= High Sheriff of King's County =

British Crown's judicial representative

The High Sheriff of King's County was the British Crown's judicial representative in King's County (now County Offaly), Ireland, from 1556, when King's County was created, until 1922, when the office was abolished in the new Free State and replaced by the office of Offaly County Sheriff. The sheriff had judicial, electoral, ceremonial and administrative functions and executed High Court writs.

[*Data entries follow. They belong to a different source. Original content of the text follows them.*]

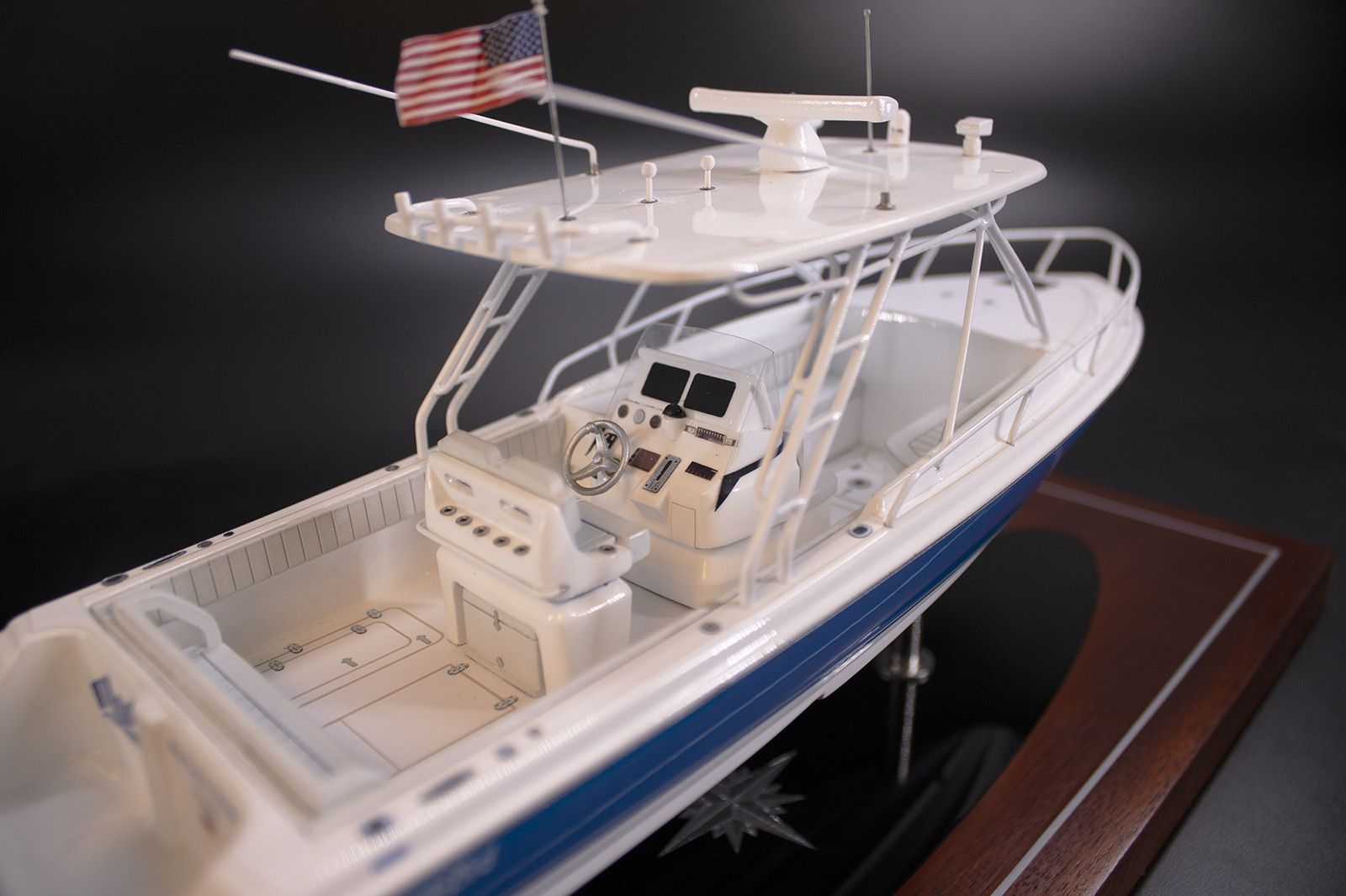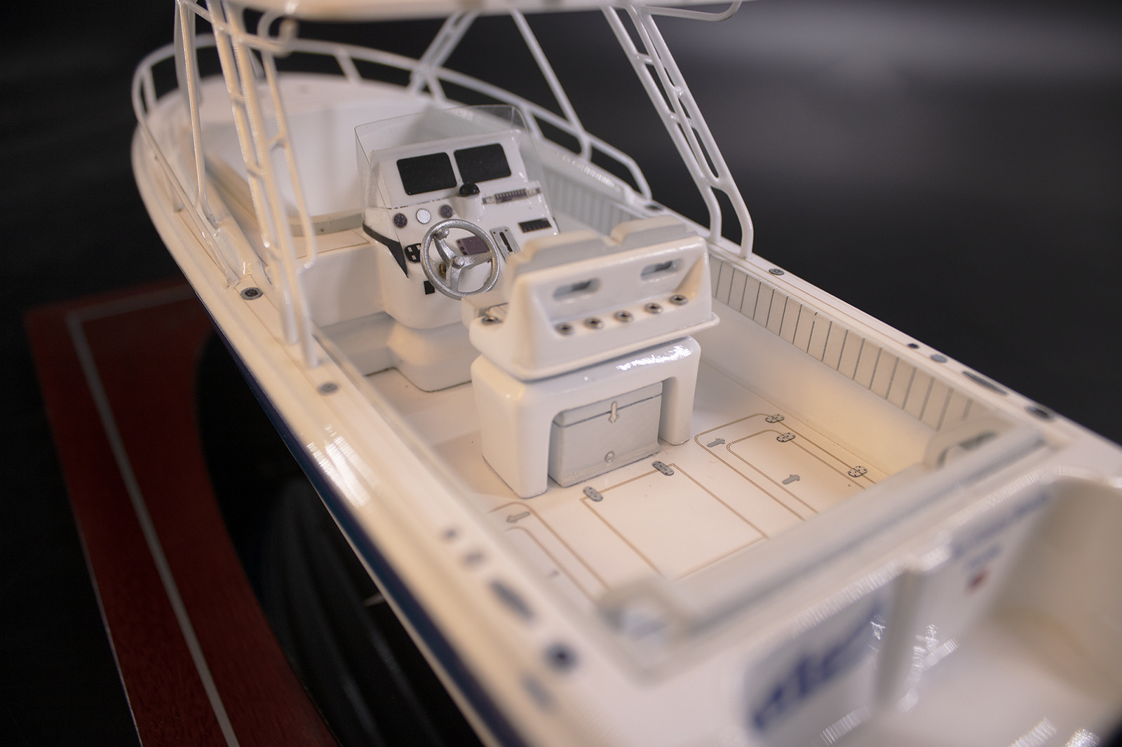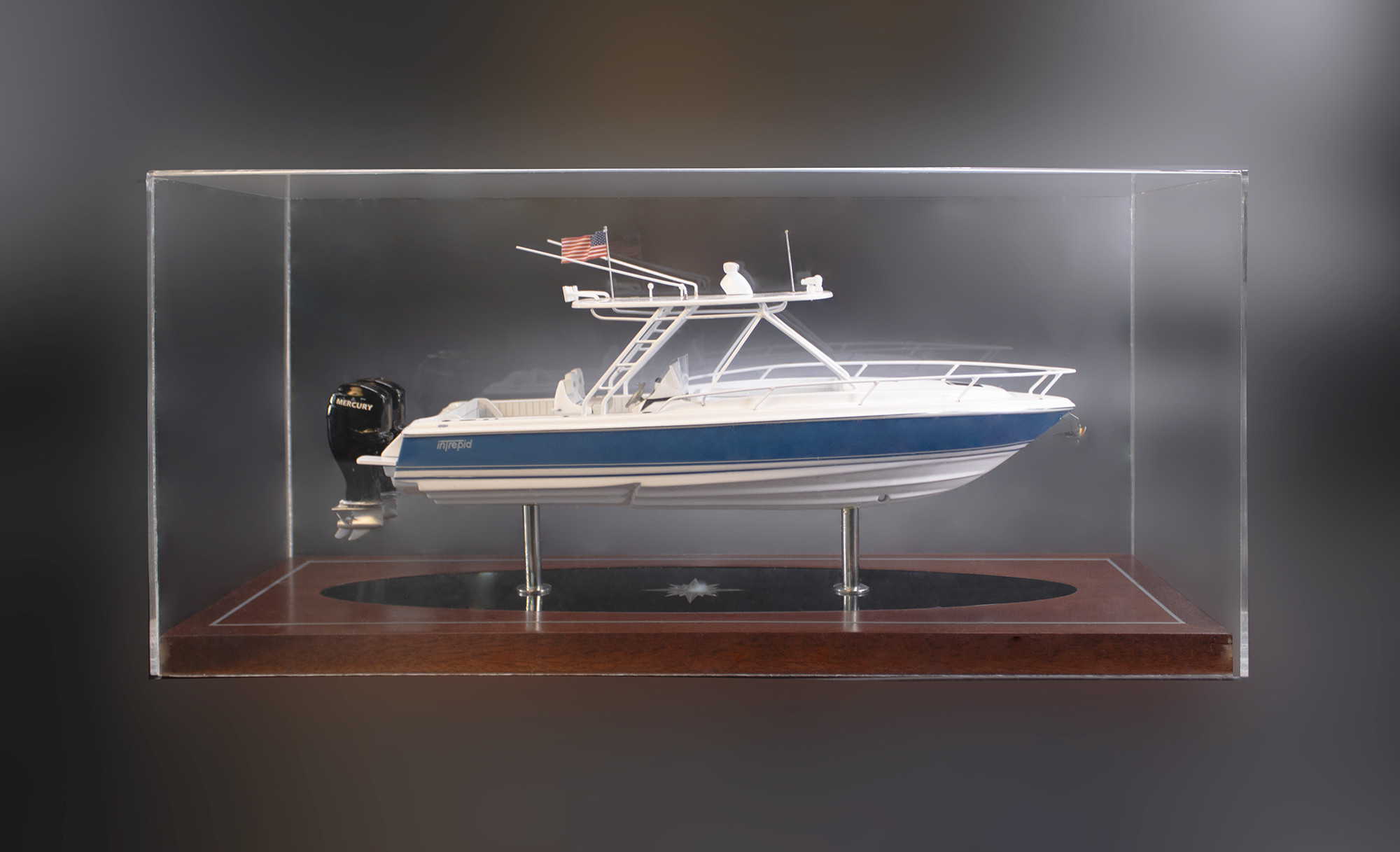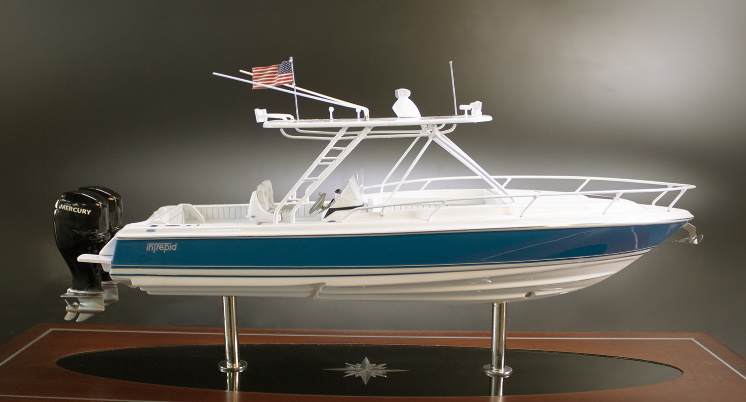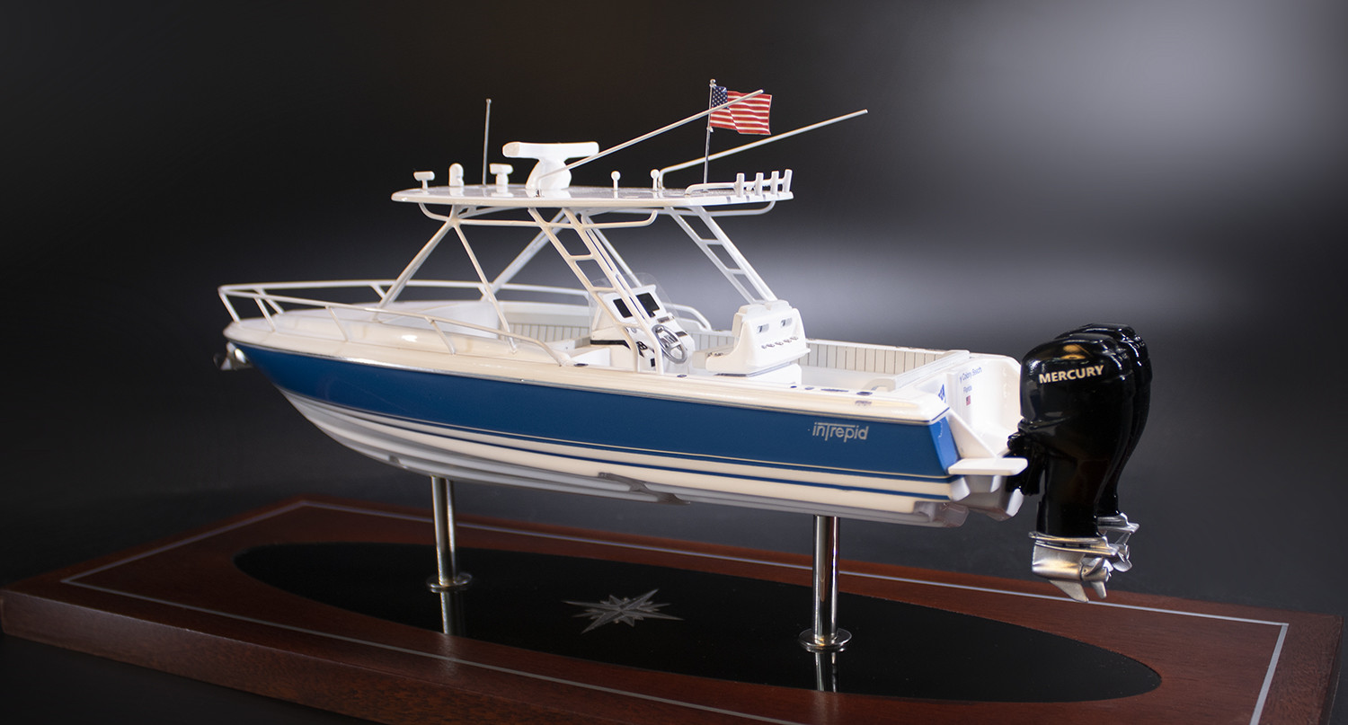 Stare at this dazzling custom desk model of the Intrepid 323 Cuddy built upon request at scale 1/32 or 12 inches LOA.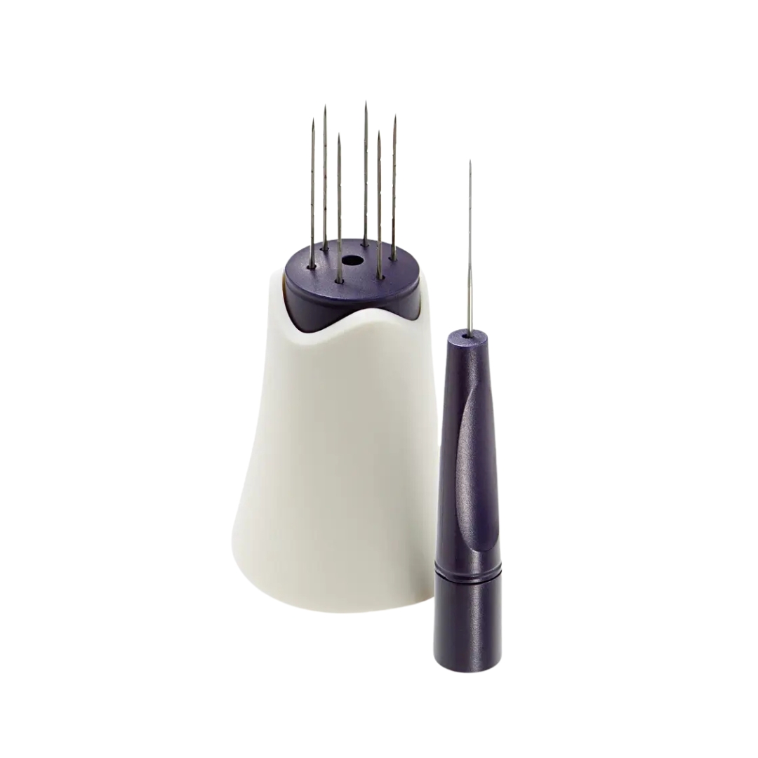 Set de poignées violet foncé et blanc pour aiguilles pour feutres secs, convient pour ranger les aiguilles pour feutre de dimension 78 à 90 mm. Il comprend un support de 6 aiguilles pour feutre, 1 poignée pour l'aiguille à feutrer Livré sans aiguilles
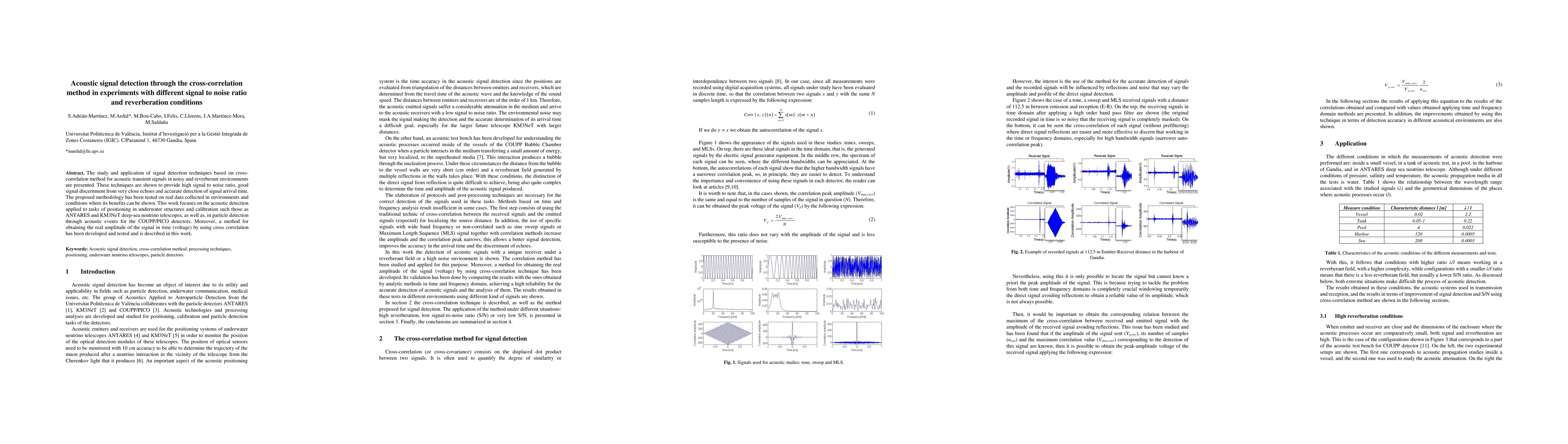 This paper investigates the use of cross-correlation techniques for detecting acoustic transient signals in noisy and reverberant environments, demonstrating high signal-to-noise ratio and precise signal arrival time detection. The methodology is tested on real data from underwater structures and neutrino telescopes, showcasing its application in positioning and particle detection.

In 1908, an Order in Council made the Lord-Lieutenant the sovereign's prime representative in a county and reduced the High Sheriff's precedence. However, the sheriff retained his responsibilities for the preservation of law and order in the county. The usual procedure for appointing the sheriff from 1660 onwards was that three persons were nominated at the beginning of each year from the county and the Lord Lieutenant then appointed his choice as High Sheriff for the remainder of the year. Often the other nominees were appointed as under-sheriffs. Sometimes a sheriff did not fulfil his entire term through death or other event and another sheriff was then appointed for the remainder of the year. The dates given hereunder are the dates of appointment. All addresses are in King's County (County Offaly) unless stated otherwise.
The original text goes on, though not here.